In March 2013, an aging Jacques Parizeau was given a standing ovation by the delegates to the convention of Option nationale (ON), in which he saw “leaven in the dough”. Thanks to their enthusiasm, “an agreement between all the sovereignists will become possible”, he told them.
At the end of the new biographical documentary titled Jacques Parizeau and his imagined countrydirected by Jean-Pierre Roy and André Néron, we can see the young activists, visibly moved, rushing towards the former Prime Minister to thank him and shake his hand.
The sequence of events would surely have sorry for him. Contrary to what he wished, the sacred union did not come true. Two years after his death, Québec solidaire (QS) rather disdainfully rejected the alliance proposed by the Parti Québécois (PQ) and ON helped to crystallize the division by merging with QS.
The objective of the authors of the documentary was to allow Mr. Parizeau to get out of the “prison” in which he was locked up by the unfortunate sentence about “money and ethnic votes” that he pronounced on the evening of referendum of October 30, 1995.
The numerous testimonies of Mr.
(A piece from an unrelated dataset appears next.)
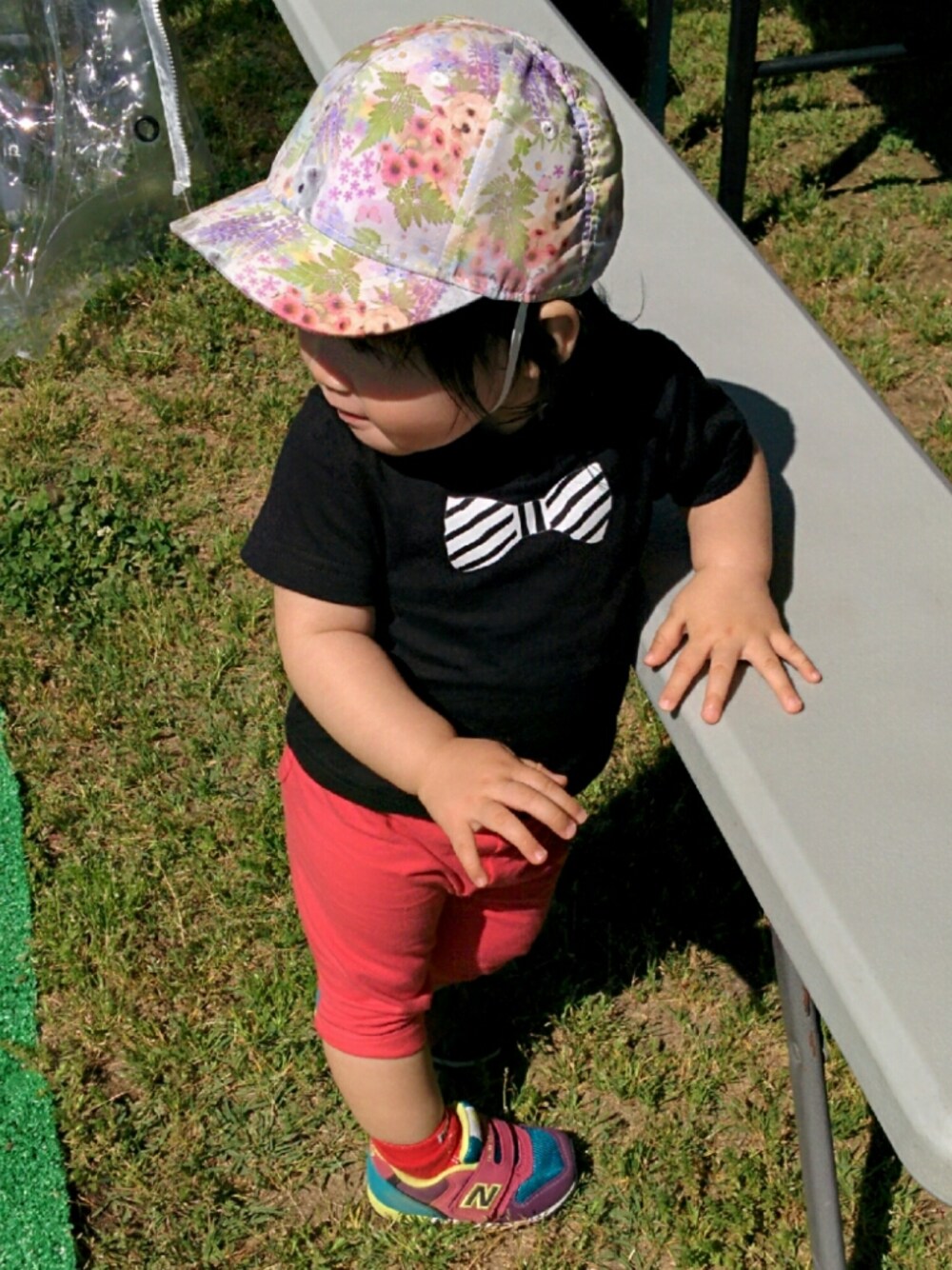 Tシャツはイオンに常に売ってる袋入りの無地シリーズ👕 すくすくデーに買うと380円くらい。 しっかり生地でとっても使えます✌ 黒無地にアイロンプリントのリボン付けました。 ユニクロのレギパンはred表記だけどピンクがかった赤ですよねー

Parizeau’s contemporaries will perhaps enable generations who did not know him, and who have remembered only what his detractors have said, to take the measure of his unique contribution to the building of the modern Quebec.
After more than a quarter of a century, the PQ and the sovereignist movement as a whole still bear the scars of the 1995 speech. In the eyes of many, especially those young people whom Mr. Parizeau loved so much, they remain suspect.
It is true that it was not just a single sentence. The split between “them” and “us” was apparent throughout the Yes leader’s speech, and the tone was not particularly friendly.
Mr. Parizeau exuded such an image of rationality and composure that it was difficult to imagine that bitterness could have taken over at this point. But he was a human being. His former chief of staff, Jean Royer, who knew his emotionality, still regrets not having held him by the hand that evening to ensure that he read the speech prepared by Jean-François Lisée.
The gaffe was undeniable and he paid the price. He was clumsy at times, but there was nothing racist about him and he saw immigrants as full-fledged Quebecers, perfectly free to make their political choices. The testimony of Vincenzo Guzzo, who offered to show the film in his cinemas, is eloquent. Even if he and his family voted No, he does not hide his admiration for the former Prime Minister.
We cannot assume what Mr. Parizeau would have said of Law 21, but he had strongly criticized the Charter of secularism presented by the Marois government. He saw very well that this would give bad press to the sovereignist project and would push immigrants to throw themselves into the arms of the federal government, in which they would see a defender of their rights.
In his mind, independence was nevertheless a project that would be carried out first by and for French speakers. At a meeting of the National Council of the PQ held in January 1993, he had the misfortune to declare that the sovereignist camp did not need immigrants to win. It certainly didn’t fall on deaf ears.
In an attempt to pick up the slate, the PQ had hastily organized a meeting of representatives of cultural communities, but the operation was so tightly knit that it only made matters worse. On referendum night, Mr. Parizeau could hardly be surprised.
In reality, he held himself responsible for the defeat, says Jean Royer. Despite thirty years of effort since the Quiet Revolution, he had not succeeded in transmitting his own audacity to a sufficient number of Quebecers.
No one has done as much as him to convince Quebeckers that economic and financial success was not forbidden to them and to create a class of entrepreneurs. It was not to see these millionaires from Quebec inc. “to spit in the soup”, as he reproached them during the referendum campaign.
The documentary opens with the speech he had recorded, in English, to inform the international community that on the edge of North America, a small people who had found the courage to face adversity for 400 years had just taken its place in the concert of nations.
Listening to it, it is difficult not to feel a certain embarrassment. Like the feeling of having missed the boat or having let the captain down at the critical moment.